(Beginning of Materials provided)
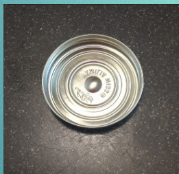
Un couvercle de boîte de conserve fera l'affaire
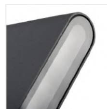
GARTO LED EL 8W-GR
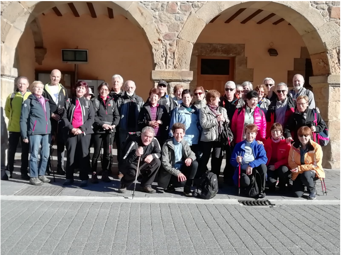
San Martin auzoan ateratako argazkia
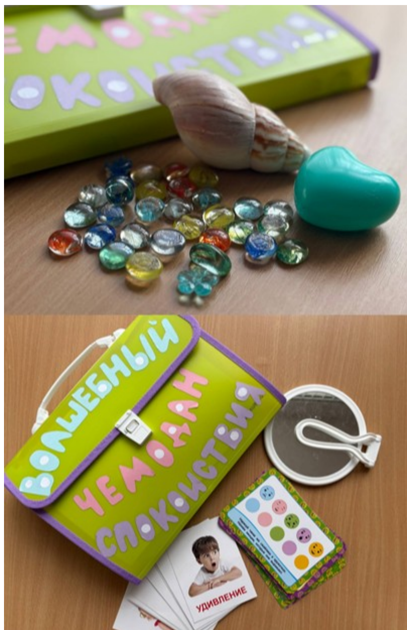
Рис.3. Примерное содержание отделений «Эмоции», «Доброта».
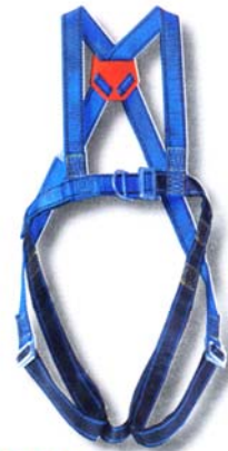
HT22 Harnais usages multiples. • Conforme à la norme EN 361 • Accrochage dorsal et sternal « D forgé » • 2 points de réglage. *Option taille XL
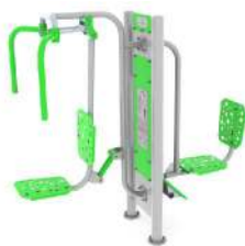
Motyl + prasa nożna + pylon
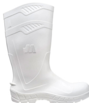
BOTA PVC C/MÉDIO C/F BRANCA AWORK MARLUVAS CA 40648
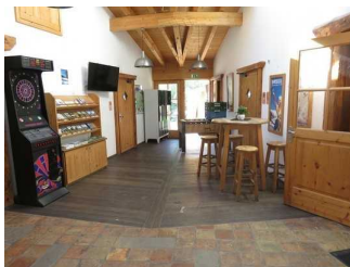
Flur / Foyer
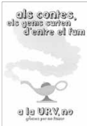
El cartell és obra de l'alumne Fernando Sanz.

Això sí que és art! Amb el NoBadis d'aquest mes volem introduir-nos en diverses disciplines artístiques, des de les obres plàstiques, musicals, noves tendències i moltes més propostes que no et deixaran indiferent. Coneix les creacions del nostre territori i treu-ne conclusions! PER XAVIER ZARAGOZA OLIVÉ
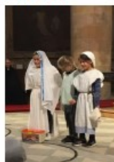
Sainte Teresa à Calcutta prend soin des lépreux.
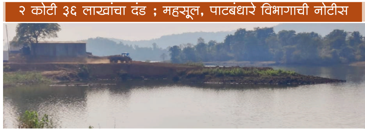
२ कोटी ३६ लाखांचा दंड ; महसूल, पाटबंधारे विभागाची नोटीस
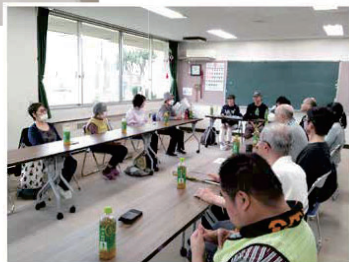
東京理科大学学生ボランティアサークルさんと会談の様子。
(End of Materials provided)
» What is needed:
Each line from the one holding "Flur / Foyer" through the last line of the records above must be duplicated exactly, and pictures must not be.

» Solution to this problem:
Flur / Foyer
El cartell és obra de l'alumne Fernando Sanz.

Això sí que és art! Amb el NoBadis d'aquest mes volem introduir-nos en diverses disciplines artístiques, des de les obres plàstiques, musicals, noves tendències i moltes més propostes que no et deixaran indiferent. Coneix les creacions del nostre territori i treu-ne conclusions! PER XAVIER ZARAGOZA OLIVÉ
Sainte Teresa à Calcutta prend soin des lépreux.
२ कोटी ३६ लाखांचा दंड ; महसूल, पाटबंधारे विभागाची नोटीस
東京理科大学学生ボランティアサークルさんと会談の様子。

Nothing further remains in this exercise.